**The data**
----------

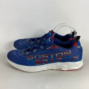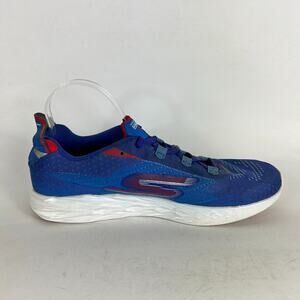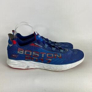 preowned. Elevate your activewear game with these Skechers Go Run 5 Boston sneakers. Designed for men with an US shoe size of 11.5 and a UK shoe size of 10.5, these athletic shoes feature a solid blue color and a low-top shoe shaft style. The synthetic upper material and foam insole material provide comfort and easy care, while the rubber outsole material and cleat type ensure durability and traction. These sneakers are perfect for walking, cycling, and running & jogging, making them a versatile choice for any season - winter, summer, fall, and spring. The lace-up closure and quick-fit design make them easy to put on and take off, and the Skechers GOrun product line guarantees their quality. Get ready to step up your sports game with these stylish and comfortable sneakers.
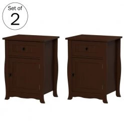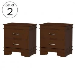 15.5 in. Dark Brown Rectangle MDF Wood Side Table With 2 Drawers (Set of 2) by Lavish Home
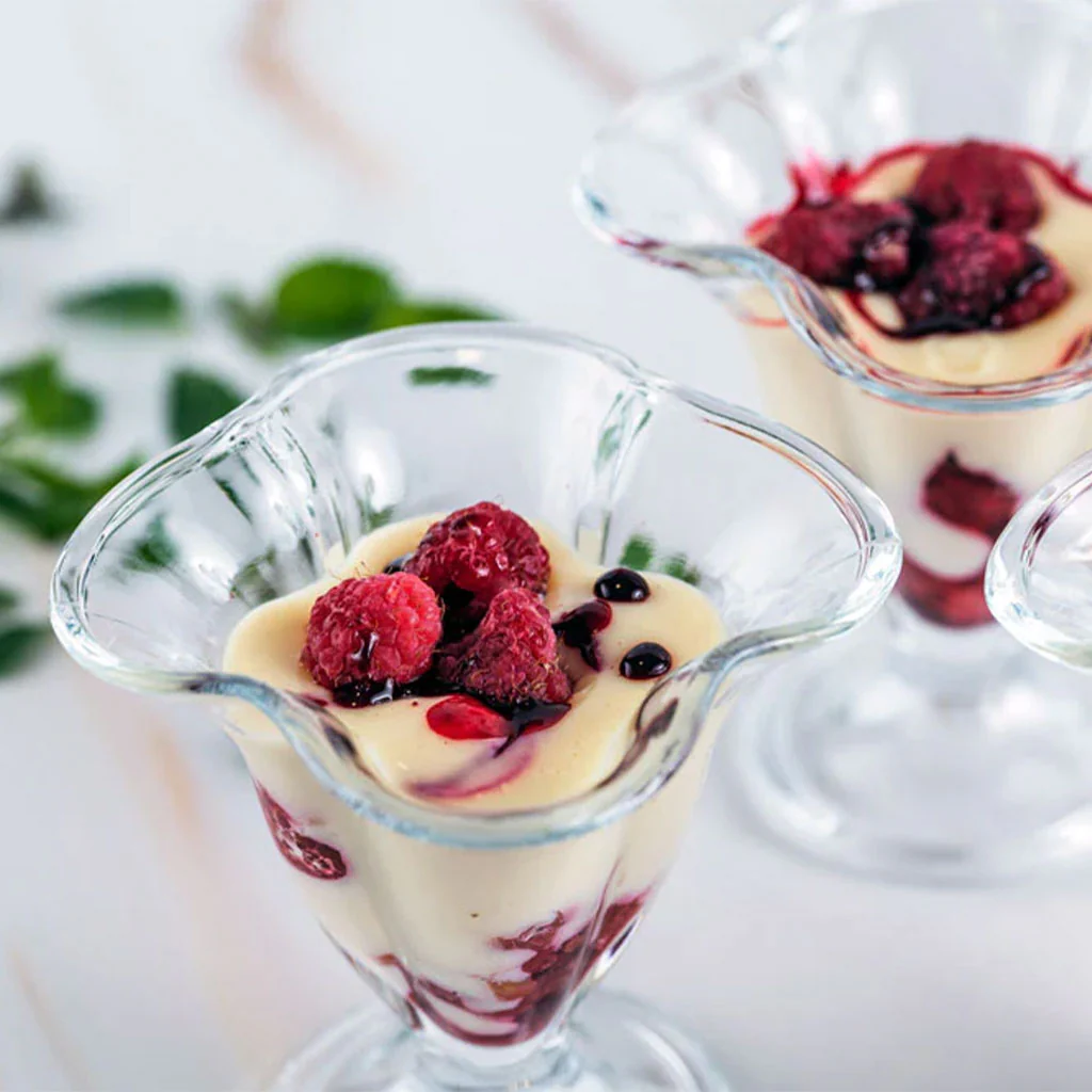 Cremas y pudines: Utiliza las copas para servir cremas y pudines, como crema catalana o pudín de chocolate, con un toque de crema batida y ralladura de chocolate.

----------

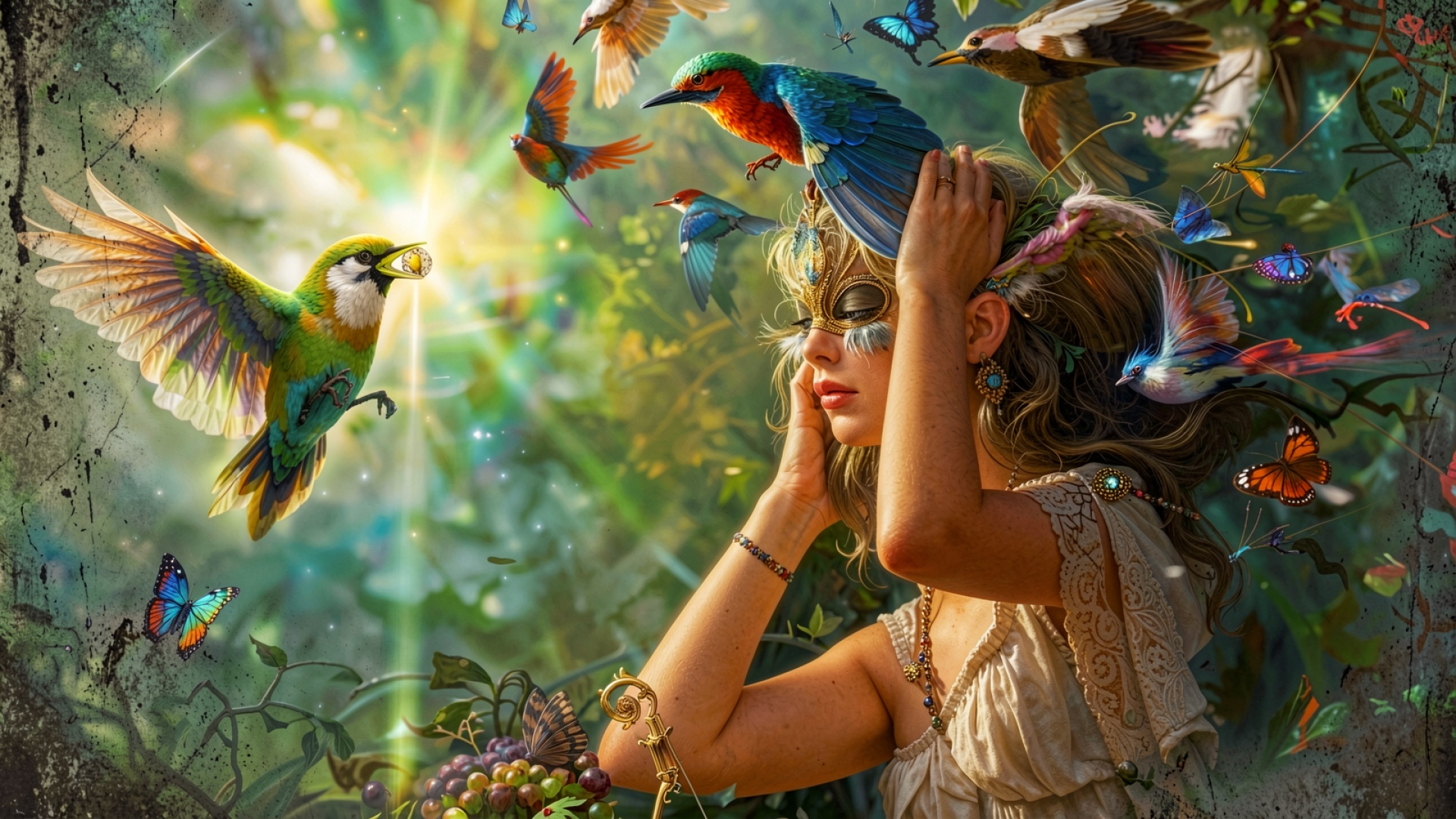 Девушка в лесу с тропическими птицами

----------

**Brief**
I'd like the lines above repeated exactly, from the one that contains "preowned. Elevate your" through the one that contains "15.5 in. Dark", with no pictures.

**Answer box**
 preowned. Elevate your activewear game with these Skechers Go Run 5 Boston sneakers. Designed for men with an US shoe size of 11.5 and a UK shoe size of 10.5, these athletic shoes feature a solid blue color and a low-top shoe shaft style. The synthetic upper material and foam insole material provide comfort and easy care, while the rubber outsole material and cleat type ensure durability and traction. These sneakers are perfect for walking, cycling, and running & jogging, making them a versatile choice for any season - winter, summer, fall, and spring. The lace-up closure and quick-fit design make them easy to put on and take off, and the Skechers GOrun product line guarantees their quality. Get ready to step up your sports game with these stylish and comfortable sneakers.
 15.5 in. Dark Brown Rectangle MDF Wood Side Table With 2 Drawers (Set of 2) by Lavish Home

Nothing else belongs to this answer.